\begin{theorem}\label{thm:thm1}
The sectional curvature operator $\Pi\mapsto K(\Pi)$ completely determines the Riemann curvature tensor.
\end{theorem}
In fact, a more general result is true. Recall the Riemann $(1,3)$-curvature tensor $R\colon TM\otimes TM\otimes TM\to TM$ satisfies
\begin{align}
(x,y,z,t)+(y,z,x,t)+(z,x,y,t)&=0\quad\text{First Bianchi identity}\label{eqn:bianchi}\\
(x,y,z,t)+(y,x,z,t)&=0\label{eqn:anti}\\
(x,y,z,t)-(z,t,x,y)&=0,\label{eqn:symm}
\end{align}
where $(x,y,z,t):=g(R(x,y,z),t)$, and the sectional curvature is defined by
\begin{equation}
K(\Pi=\SPAN\{x,y\})=\frac{g(R(x,y,x),y)}{g(x,x)g(y,y)-g(x,y)^2}.\label{eqn:sectcurv}
\end{equation}
Thus Theorem~\ref{thm:thm1} is implied by
\begin{theorem}\label{thm:thm2}
Let $V$ be a real inner product space, with inner product $\langle-,-\rangle$. Let $R$ and $R'$ be linear maps $V^{\otimes 3}\to V$. Suppose $R$ and $R'$ satisfies
\begin{itemize}
\item Equations \eqref{eqn:bianchi},\eqref{eqn:anti},\eqref{eqn:symm}, and
\item $K(\sigma)=K'(\sigma)$ for all $2$-planes $\sigma$, where $K,K'$ are defined by \eqref{eqn:sectcurv} using $\langle -,-\rangle$ in \PMlinkescapetext{place} of $g(-,-)$.
\end{itemize}
Then $R=R'$.
\end{theorem}
Write
\begin{align*}
(x,y,z,t)&:=\langle R(x,y,z),t\rangle\\
(x,y,z,t)'&:=\langle R'(x,y,z),t\rangle.
\end{align*}
\begin{proof}[Proof of Theorem~\ref{thm:thm2}]
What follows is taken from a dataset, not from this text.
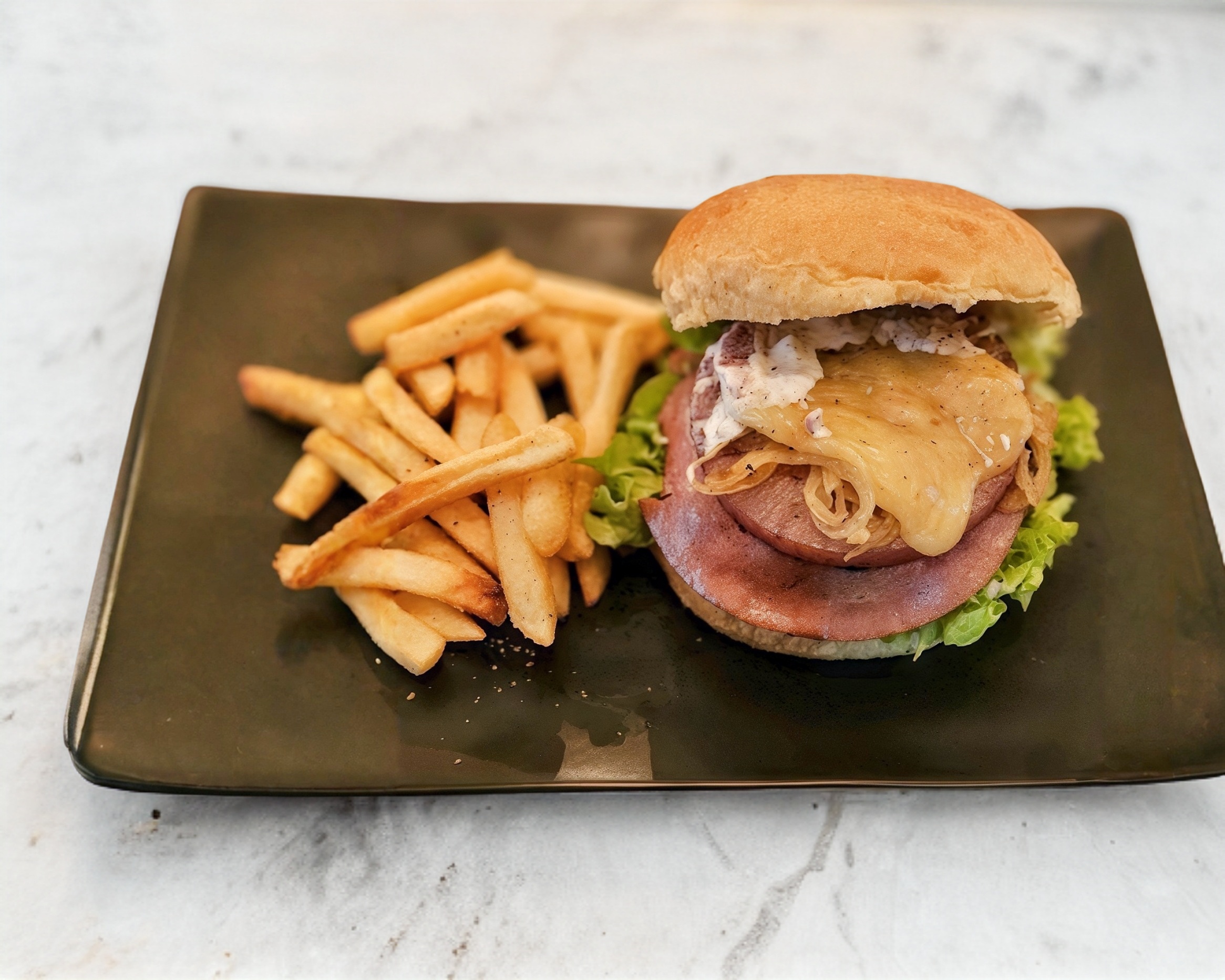 150 gr de top sirloin 100% casera, jamón de pavo, queso gouda, cebolla morada, tomate bola, dentro de nuestro pan brioche, acompañada de papas.

We need to prove, for all $x,y,z,t\in V$,
\[
(x,y,z,t)=(x,y,z,t)'.
\]
From $K=K'$, we get $(x,y,x,y)=(x,y,x,y)'$ for all $x,y\in V$. The first step is to use polarization identity to change this quadratic form (in $x$) into its associated symmetric bilinear form. Expand $(x+z,y,x+z,y)=(x+z,y,x+z,y)'$ and use \eqref{eqn:symm}, we get
\[
(x,y,x,y)+2(x,y,z,y)+(z,y,z,y)=(x,y,x,y)'+2(x,y,z,y)'+(z,y,z,y)'.
\]
So $(x,y,z,y)=(x,y,z,y)'$ for all $x,y,z\in V$.
Unfortunately, the form $(x,y,z,t)$ is not symmetric in $y$ and $t$, so we need to work harder. Expand $(x,y+t,z,y+t)=(x,y+t,z,y+t)'$, we get
\[
(x,y,z,t)+(x,t,z,y)=(x,y,z,t)'+(x,t,z,y)'.
\]
Now use \eqref{eqn:anti} and \eqref{eqn:symm}, we get
\begin{align*}
(x,y,z,t)-(x,y,z,t)'&=(x,t,z,y)'-(x,t,z,y)\\
&=(z,y,x,t)'-(z,y,x,t)\\
&=(y,z,x,t)-(y,z,x,t)'.
\end{align*}
So $(x,y,z,t)-(x,y,z,t)'$ is invariant under cyclic permutation of $x,y,z$. But the cyclic sum is zero by \eqref{eqn:bianchi}. So
\[
(x,y,z,t)=(x,y,z,t)'\quad\forall x,y,z,t\in V
\]
as desired.
\end{proof} |